This example is focused only on a small piece of the MDP. The MDP, in entirety, describe the probability of all state, reward pairs for each state, action pair. In this example, I'm only showing the state-action pairs from s0 and, in this example, we can only transition to s1 or s2 (when choosing right). In other words, this example is more restricted than the general case. Implicit in this example, is that the probability of transition from s0 to s0 is zero... or the probability to transition from s0 to s-1 is zero when choosing right. Make sense?

@kafaayari 2 жыл бұрын

Ah ok MI. now it's crystal clear. BTW we're lucky to ask you questions and get replies. We may not find this possibility in the future when the channel explodes. :)

@Mutual_Information 2 жыл бұрын

@@kafaayari Aw thanks :) we’ll see what happens. I enjoy answering the Qs and I’m gonna try to keep it up for as long as I can. So far the volume is quite manageable lol

@aryamohan7533 11 ай бұрын

Could you explain the policy improvement? I understand that choosing the action that maximizes the action value function will lead to a better policy but I don't understand why we could not do that in the first iteration after performing policy evaluation? Wouldn't that then be the most optimal policy? What other improvements can we iteratively make to the policy? PS: Thank you for this video series, it has helped me understand a lot!

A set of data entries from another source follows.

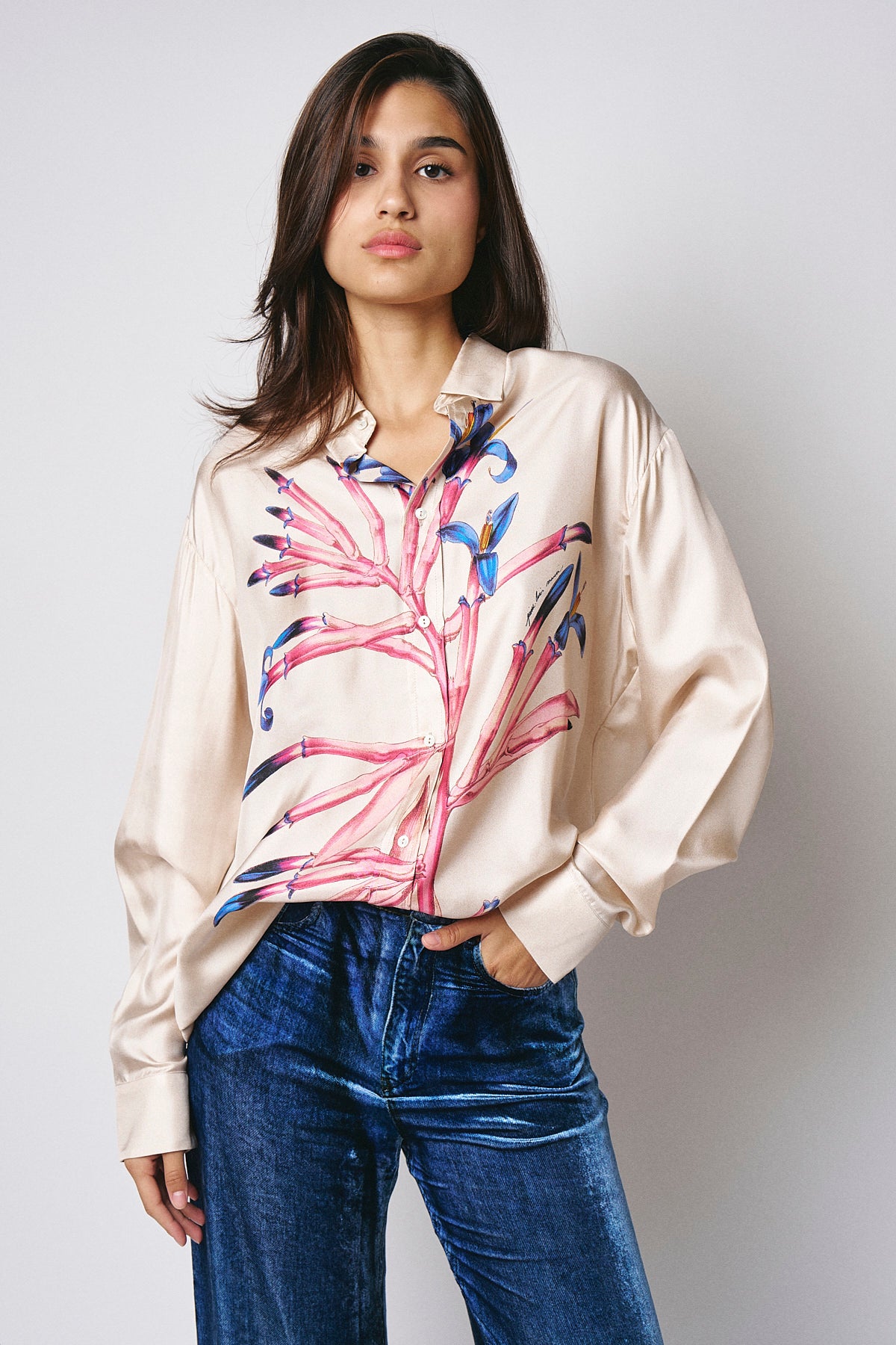A lightweight silk shirt in a relaxed fit, featuring a vibrant floral print. Made from 100% silk, it blends luxury and comfort, bringing a striking accent to any look.
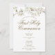 Eine elegante erste, heilige Kommunion Save the Date Karte mit zarten weißen Blüten, die Ihre ersten heiligen Kommuniondetails in eleganter Goldtypografie umrahmen. Entwickelt von Thisisnotme©
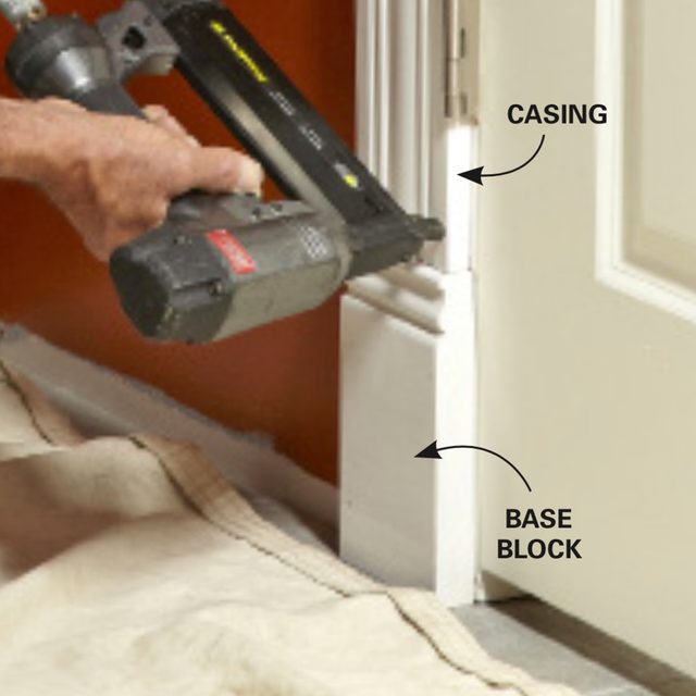 Trimming a door is just like trimming a window, except you start out with base blocks at the floor, as shown here. The base blocks should be about 3/8 in. wider than the casings. Door and window trim them if necessary. The height of the base blocks should be about 1 in. greater than the height of the baseboard you’re planning to install. Check out this hack for installing a door on an uneven floor.

@Mutual_Information 11 ай бұрын

Let's walk through it. To start, the action-value function is completely flat; all actions in all states have the same value. To do policy improvement from this moment, you must pick actions randomly (or some other arbitrary way to break ties). Now you have a random policy. Then in policy evaluation, we determine the action-values of this random policy. Next, in policy improvement, we can slightly beat it by always picking the max-action value. Ok, why isn't this the optimal strategy immediately? Well b/c it's a policy improvement step (applying the rule of picking the max-value-action) on action values of a crappy policy, the one where we just picked actions randomly! Make sense? It takes time for the action-values to model a good policy, because we start with a bad policy.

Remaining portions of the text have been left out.